Procalcitonin – for Detection of Severe Infection and Sepsis
NICL Laboratories is pleased to add Procalcitonin to our in-house esoteric testing menu. This test will be available seven (7) days per week.
Procalcitonin (PCT) is the precursor to calcitonin, and a specific marker for detection of severe bacterial infection and sepsis. Noninfectious inflammations need to be extremely severe for an increase in PCT to occur, making it a better indicator for sepsis than other inflammatory markers, such as cytokines, acute phase reactants, and interleukins. The elevations of PCT are also more sustained than most other markers and will also occur in neutropenic patients. This will reduce false negative results.
PCT begins to rise 2 to 4 hours after onset of severe infection or sepsis and peaks in 12-24 hours. The rise also parallels the severity of the infection/inflammation, as higher levels are found in the more severe infections, and the levels will fall as the inflammation subsides. PCT has a half life of 24-35 hours, making serial testing a useful tool for monitoring the patient’s inflammation or response to therapeutics. As PCT levels will decline as the inflammation subsides, it is also useful for identification of a secondary infection.

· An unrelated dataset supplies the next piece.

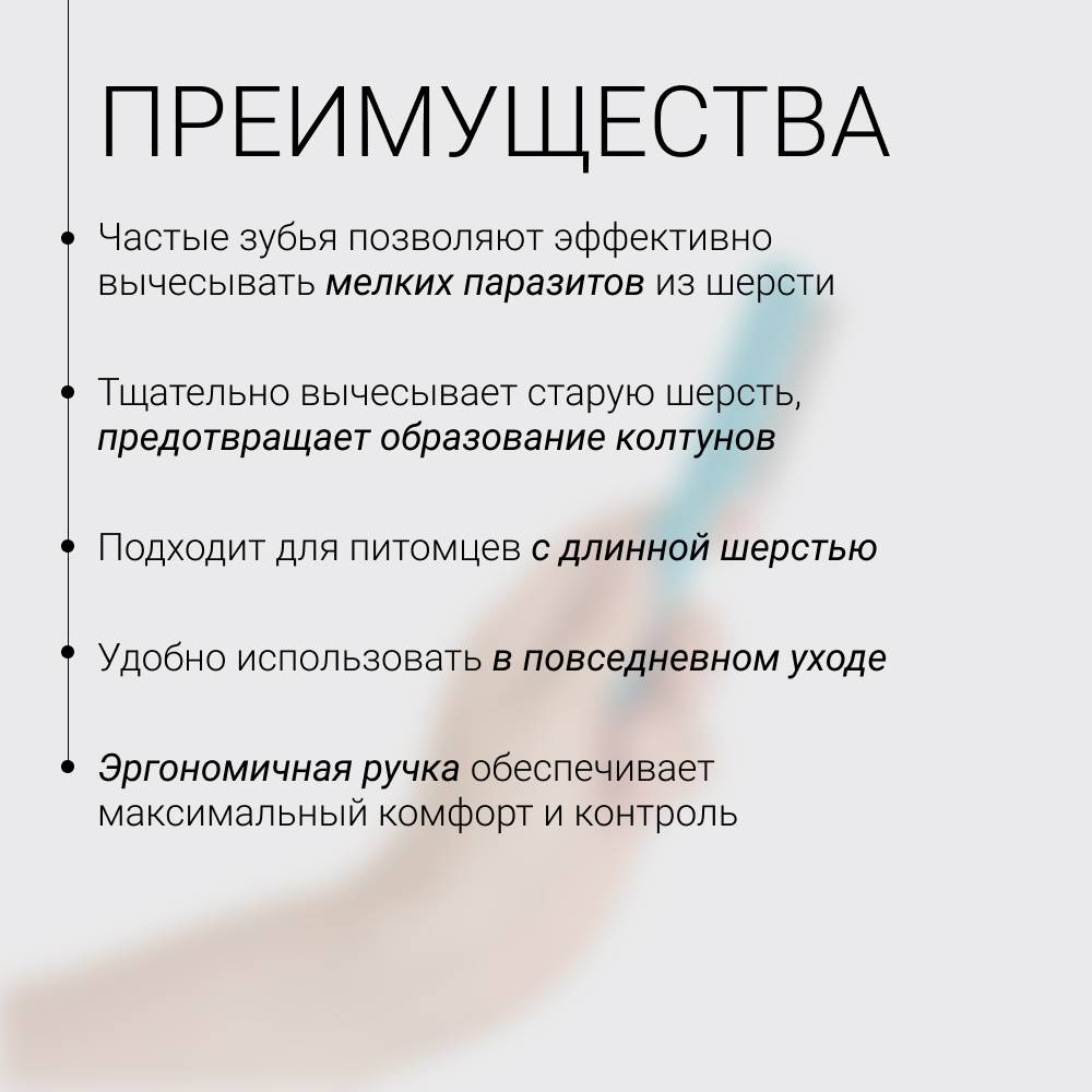 - Тщательно прочесывает шерсть благодаря частым зубьям.

If serial testing is indicated, the same sample type and testing location are recommended.
It should be noted that the sensitivity and specificity of PCT for sepsis ranges from 60% to 100%, and heterophile antibodies may interfere with all immunometric assays of this sort.
Interpretations
- In adults, PCT levels less than 0.5 ng/mL represent a low risk of severe sepsis or septic shock, but cannot exclude local infection or systemic infection in early stages of less than 6 hours.
- PCT levels between 0.2 and 2.0 ng/mL do not exclude an infection, because localized infections without systemic signs may be seen in these situations.
- PCT levels greater than 2.0 ng/mL are highly suggestive of system bacterial infection or sepsis, or a very severe localized infection such as pneumonia, meningitis, or peritonitis.
- PCT can also rise in non-infectious situations, such as major burns, severe trauma, acute multi-organ failure or with major abdominal surgery or cardiothoracic surgery, or prolonged or cardiogenic shock, but will generally begin to fall in 24 to 48 hours in these situations.
- Autoimmune diseases, chronic inflammation, viral infections, and mild localized infections rarely lead to levels greater than 0.5 ng/mL.
- Renal failure or insufficiency may also influence PCT values, and may confound diagnosis when present.
- PCT can also be used to differentiate a viral from a bacterial infection.
If there is any disagreement between the laboratory results and the clinical signs, additional testing may be necessary.